■ **WHAT THE TASK REQUIRES**
The data must be reproduced verbatim; images are to be omitted.

■ **DATA EXCERPT**
= = = = =
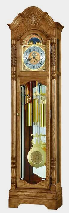 This Floor Clock Features A Bonnet Pediment With A Decorative Shell And Vine Overlay And Bookmatched Olive Ash Burl Overlays The Brushed Satin Brass Dial Includes A Silver Chapter Ring With Applied Satin Black Arabic Numerals, Elaborate Corner Spandrels And A Center Disk With An Astrological Blue Moon Phase The Brushed Satin Brass Pendulum Features A Center Disk Which Complements The Dial The Weight Shells Are Also Finished In Brushed Satin Brass Mirrored Back An Heirloom Record Certificate With Tube Is Included For Recording Your Clocks Ownership History For Future Generations Cable Driven, Westminster Chime Kieninger Movement With Automatic Nighttime Chime Shut Off Option Finished In Distressed Heirloom Oak On Select Hardwoods And Veneers Illuminated Dial For Viewing In A Darkened Room Adjustable Levelers Under Each Corner Provide Stability On Uneven And Carpeted Floors Automatic Nighttime Chime Shut Off Option Locking Door For Added Security Special Feature
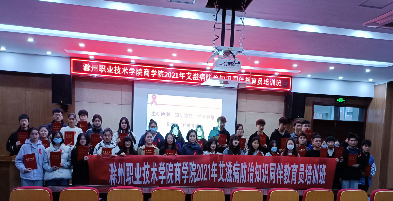 滁州疾控中心的黄科长首先邀请了几名同学回答“你对艾滋病有什么看法?说说你的观点”这个问题,有的同学觉得艾滋病特别可怕,应该正视它预防它。有的同学认为艾滋病距离自己很遥远,所以意识层面还不是很重视。有的同学将艾滋病与同性恋画等号。认为艾滋病只在同性恋中传播。随后黄科长就同学们的回答进行点评,她表达我们应该以平常心去友好的对待艾滋病患者,要更加正确的看待艾滋病毒,做到不歧视、不偏见。.艾滋病感染途径有三条,就传染病而言,艾滋病的感染性并不算强,艾滋病病毒不会通过飞沫、水源、家禽家畜传播,礼节性接吻、拥抱、贴面礼、握手、一起吃饭、共用马桶等日常接触不会传染。此外艾滋病毒在同性之间的出现率极高,尤其是男性,所以应该充分重视这个问题,要使用安全套,防患于未然。当然,我们在关爱艾滋病病毒感染者和病人的同时,也要洁身自好,预防被艾滋病病毒感染。最后,大家在宣传条幅上签名,合影留念,为本次培训会画上完美的句号。
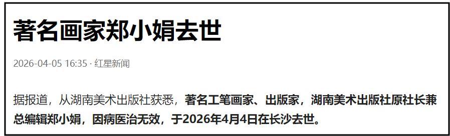 据媒体报谈,郑小娟因病医治无效,于2026年4月4日在长沙物化,享年85岁。
= = = = =
■ **RESULT FOR THIS TASK**
 This Floor Clock Features A Bonnet Pediment With A Decorative Shell And Vine Overlay And Bookmatched Olive Ash Burl Overlays The Brushed Satin Brass Dial Includes A Silver Chapter Ring With Applied Satin Black Arabic Numerals, Elaborate Corner Spandrels And A Center Disk With An Astrological Blue Moon Phase The Brushed Satin Brass Pendulum Features A Center Disk Which Complements The Dial The Weight Shells Are Also Finished In Brushed Satin Brass Mirrored Back An Heirloom Record Certificate With Tube Is Included For Recording Your Clocks Ownership History For Future Generations Cable Driven, Westminster Chime Kieninger Movement With Automatic Nighttime Chime Shut Off Option Finished In Distressed Heirloom Oak On Select Hardwoods And Veneers Illuminated Dial For Viewing In A Darkened Room Adjustable Levelers Under Each Corner Provide Stability On Uneven And Carpeted Floors Automatic Nighttime Chime Shut Off Option Locking Door For Added Security Special Feature
 滁州疾控中心的黄科长首先邀请了几名同学回答“你对艾滋病有什么看法?说说你的观点”这个问题,有的同学觉得艾滋病特别可怕,应该正视它预防它。有的同学认为艾滋病距离自己很遥远,所以意识层面还不是很重视。有的同学将艾滋病与同性恋画等号。认为艾滋病只在同性恋中传播。随后黄科长就同学们的回答进行点评,她表达我们应该以平常心去友好的对待艾滋病患者,要更加正确的看待艾滋病毒,做到不歧视、不偏见。.艾滋病感染途径有三条,就传染病而言,艾滋病的感染性并不算强,艾滋病病毒不会通过飞沫、水源、家禽家畜传播,礼节性接吻、拥抱、贴面礼、握手、一起吃饭、共用马桶等日常接触不会传染。此外艾滋病毒在同性之间的出现率极高,尤其是男性,所以应该充分重视这个问题,要使用安全套,防患于未然。当然,我们在关爱艾滋病病毒感染者和病人的同时,也要洁身自好,预防被艾滋病病毒感染。最后,大家在宣传条幅上签名,合影留念,为本次培训会画上完美的句号。
 据媒体报谈,郑小娟因病医治无效,于2026年4月4日在长沙物化,享年85岁。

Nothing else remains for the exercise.